Die Bilder, die Maxar Technologies am Donnerstag der Washington Post zur Verfügung gestellt hat, zeigen mehrere Grabreihen in vier verschiedenen Abschnitten, von denen jeder etwa 280 Fuß misst. Die Überprüfung der Bilder durch das Unternehmen zeigt, dass die neuen Gräber zwischen dem 23. und 26. März erschienen sind und dass es jetzt mehr als 200 Grabbeigaben neben einem bestehenden Friedhof gibt.

Der Stadtrat von Mariupol sagte in einer Erklärung auf Telegram, dass Beamte glaubten, dass bis zu 9.000 Zivilisten in dem Massengrab begraben werden könnten, in dem die russischen Streitkräfte sagten, die russischen Streitkräfte hätten „im April jeden Tag neue Gräben ausgehoben und sie mit Leichen gefüllt“. Der Rat fügte hinzu, dass ihm Informationen vorliegen, die darauf hindeuten, dass die Leichen „in mehreren Schichten begraben“ seien.

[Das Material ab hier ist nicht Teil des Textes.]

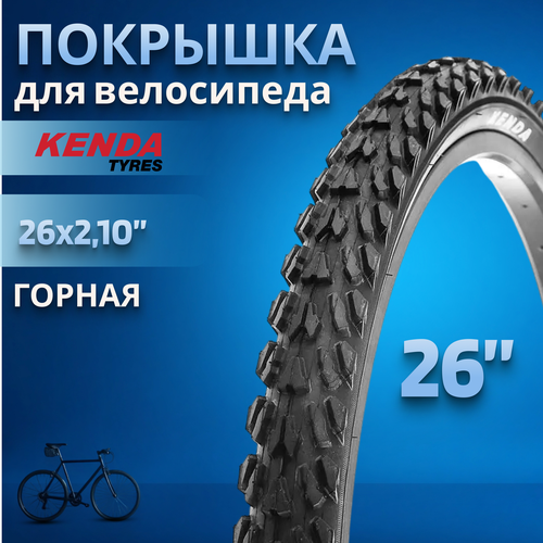 Велопокрышка 26" КENDA 26x2,10 22TPI K-870. Велопокрышка для велосипеда мужского и женского с диаметром колес 26 дюймов КENDA, без камеры, тип покрышки: горная. Обеспечивает максимальное сцепление с дорогой, для агрессивной езды по тропам, лесу и сложному грунту. Направленный рисунок протектора обеспечивает контроль на сыпучих покрытиях, небольшая высота велорезины центральной части протектора придает покрышке отличный накат. Теперь Ваш велосипед не поскользнется даже в грязи при условии плохой погоды. За счет такого проектора данная покрышка устойчива к проколам. Велосипедная покрышка идет в комплекте без камеры, велокамеру нужно приобретать для велосипеда отдельно. Велопокрышки – это велосипедные шины (велосипедная покрышка). Упругая резиновая велопокрышка с металлическим или полимерным кордом устанавливается на обод колеса. Между ободом колеса и покрышкой обеспечивают воздух под давлением для гашения толчков и ударов, возникающих при движении, например - размещается камера велосипедная, которая надувается воздухом. Благодаря нагнетанию давления в велосипедные покрышки обеспечивается возможность регулировать жесткость под конкретное дорожное полотно. Покрышки обеспечивают контакт велосипеда с дорожным полотном и дополнительно поглощают незначительные толчки и удары, возникающие при движении из-за несовершенства дорожного покрытия, компенсируют погрешности траекторий колёс. Велосипедная покрышка – неотъемлемый элемент конструкции велосипеда, который в качестве составной велозапчасти содержит колесо для велосипеда.

Es gab keine unmittelbare unabhängige Überprüfung dieser Behauptungen.

Mariupol, eine strategische Hafenstadt, ist ein wichtiger Knotenpunkt für russische Streitkräfte, die hoffen, einen Landweg zur von Russland annektierten Krim zu sichern. Ukrainische Beamte sagen, dass seit Beginn der Invasion mindestens 20.000 Menschen in Mariupol getötet wurden – und dass das neue Massengrab viel größer erscheint als das, das in Bush entdeckt wurde, dem Vorort von Kiew, wo Zivilisten verstreut auf den Straßen gefunden wurden, nachdem sich die russischen Streitkräfte zurückgezogen hatten .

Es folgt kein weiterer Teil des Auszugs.